SOURCE RECORDS Start Marker

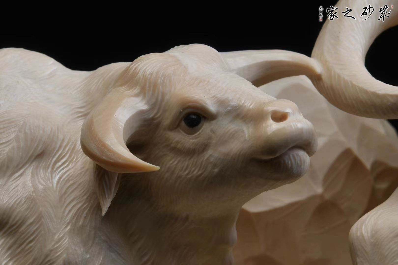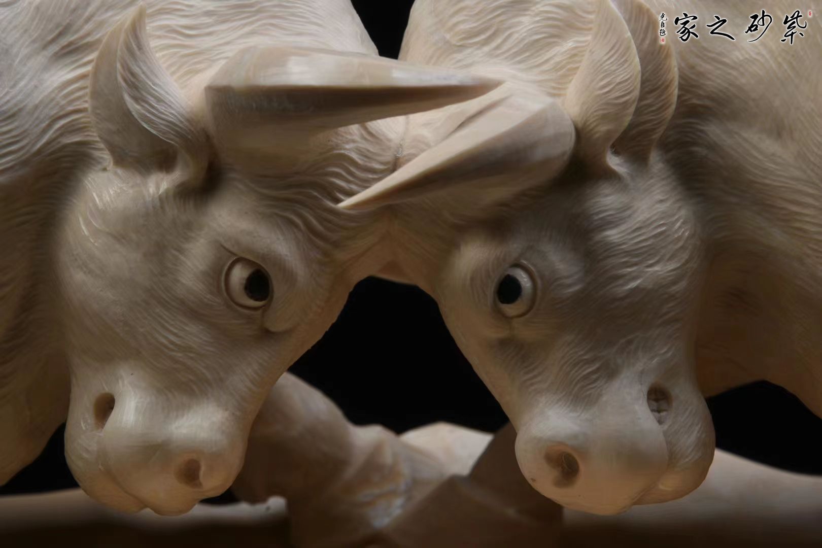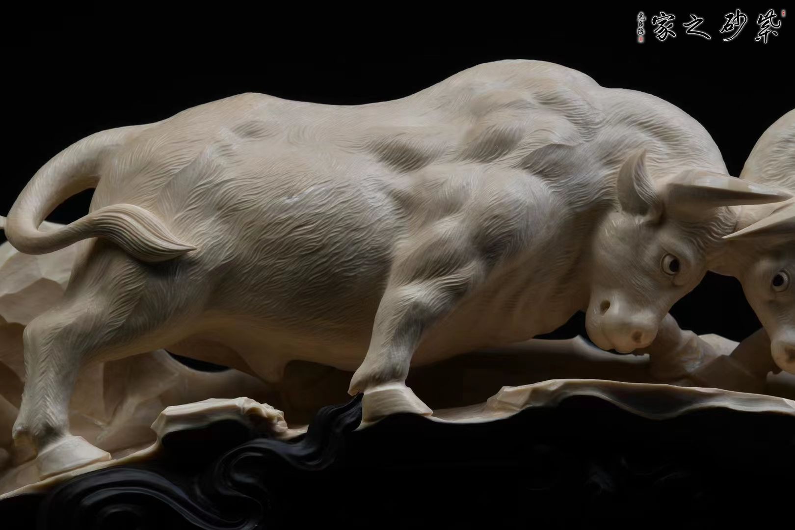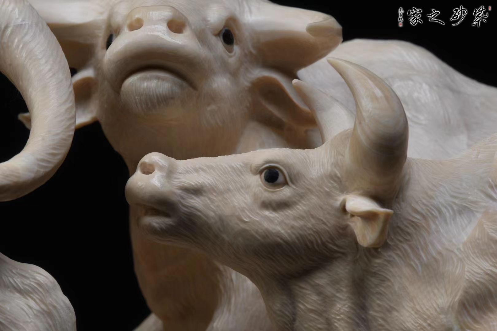 作品以5A雕刻,五头牛从左至右一字排开,各具状貌,姿态互异。整幅作品别无其他衬景,因此每头牛可独立成章。在技巧表现上,作者更是独具匠心,选择了粗壮有力、具有块面感的线条去表现牛的强健、有力、沉稳而行动迟缓。其线条有排比装饰之效却又不落俗套,而是刻力千钧。由于其线条茁壮如此,故而五牛姿态虽有平、奇之不同,但在审美趣味上是同样的厚重与生拙。
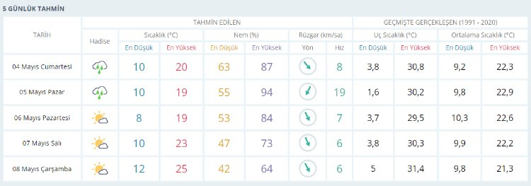 İŞTE BURSA İÇİN 5 GÜNLÜK HAVA DURUMU TAHMİNİ
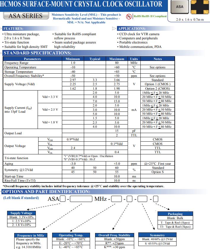 | ASA2-25.000MHZ-L-T | Abracon晶振 | ASA | XO (Standard) | 25MHz | 1.8V | -40°C ~ 85°C |
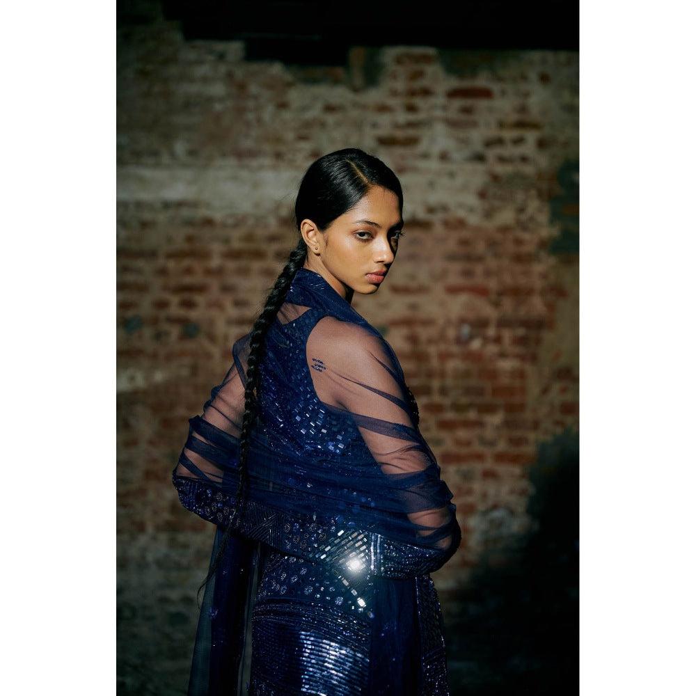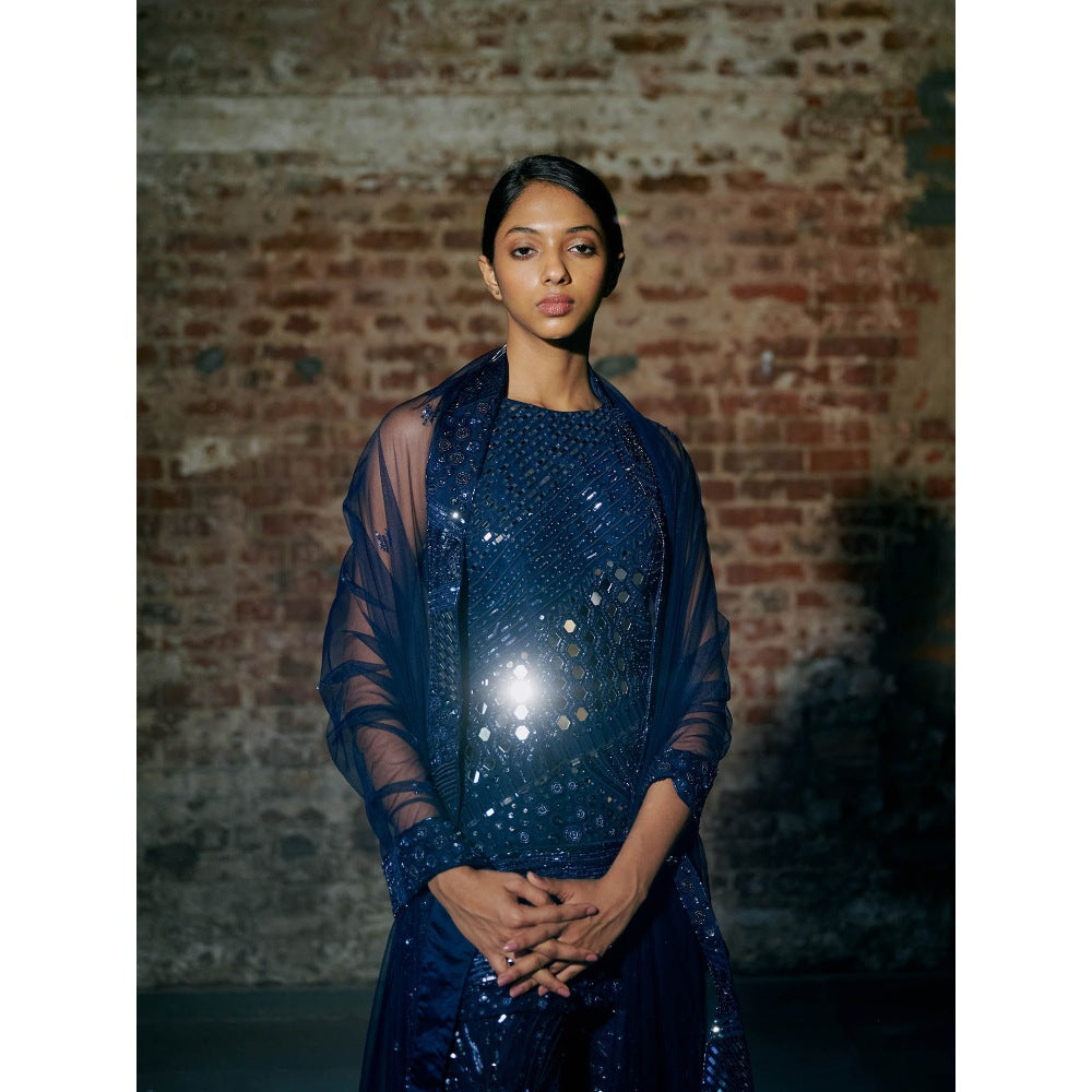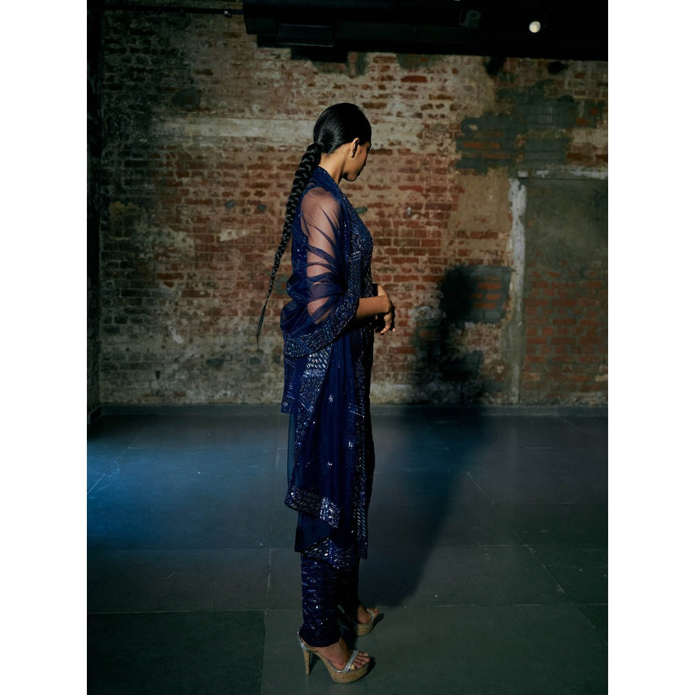 Asaga Stream Navy Blue Kurta with Pant and Dupatta (Set of 3)
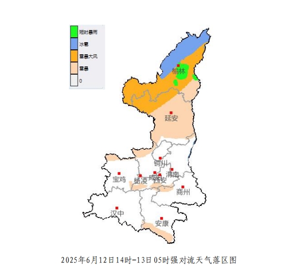 陕西省气象台 2025年06月12日发布强对流天气蓝色预警: 受高空槽和低层切变共同影响,预计6月12日14时至13日05时, 陕北大部、关中北部局地、秦巴山区局地有雷暴天气,其中榆林大部、 延安北部有雷暴大风,阵风可达8级(17.2m/s)以上,榆林北部局地 有冰雹,榆林中部及东部有短时强降水(小时雨强10-20mm/h,个别点 可达30mm/h以上)。
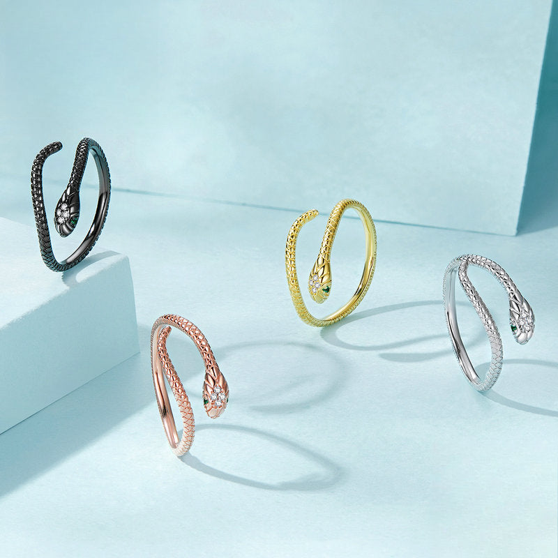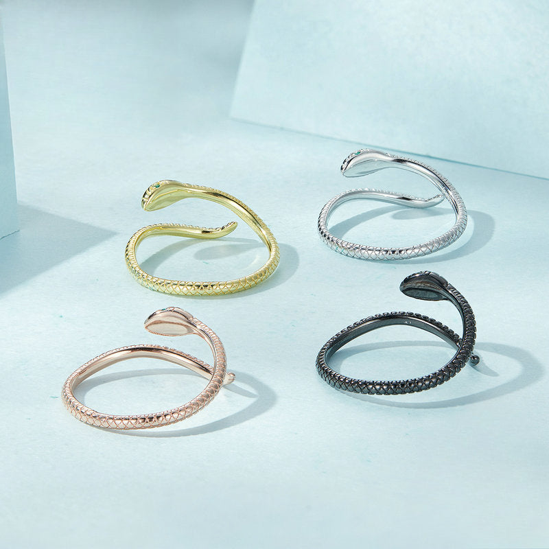 目が合った瞬間、惹きつけられる。Rockyuのスネークリングは、しなやかに指に巻きつく蛇の姿を繊細に再現した大人のためのアクセサリー。美しく施されたウロコ模様と、目元のきらりと光るストーンが、まるで生きているかのような存在感を放ちます。

SOURCE RECORDS End Marker

**BRIEF**
Retype each entry above character for character; pictures stay out.

**SOLUTION TO THIS PROBLEM**
 作品以5A雕刻,五头牛从左至右一字排开,各具状貌,姿态互异。整幅作品别无其他衬景,因此每头牛可独立成章。在技巧表现上,作者更是独具匠心,选择了粗壮有力、具有块面感的线条去表现牛的强健、有力、沉稳而行动迟缓。其线条有排比装饰之效却又不落俗套,而是刻力千钧。由于其线条茁壮如此,故而五牛姿态虽有平、奇之不同,但在审美趣味上是同样的厚重与生拙。
 İŞTE BURSA İÇİN 5 GÜNLÜK HAVA DURUMU TAHMİNİ
 | ASA2-25.000MHZ-L-T | Abracon晶振 | ASA | XO (Standard) | 25MHz | 1.8V | -40°C ~ 85°C |
 Asaga Stream Navy Blue Kurta with Pant and Dupatta (Set of 3)
 陕西省气象台 2025年06月12日发布强对流天气蓝色预警: 受高空槽和低层切变共同影响,预计6月12日14时至13日05时, 陕北大部、关中北部局地、秦巴山区局地有雷暴天气,其中榆林大部、 延安北部有雷暴大风,阵风可达8级(17.2m/s)以上,榆林北部局地 有冰雹,榆林中部及东部有短时强降水(小时雨强10-20mm/h,个别点 可达30mm/h以上)。
 目が合った瞬間、惹きつけられる。Rockyuのスネークリングは、しなやかに指に巻きつく蛇の姿を繊細に再現した大人のためのアクセサリー。美しく施されたウロコ模様と、目元のきらりと光るストーンが、まるで生きているかのような存在感を放ちます。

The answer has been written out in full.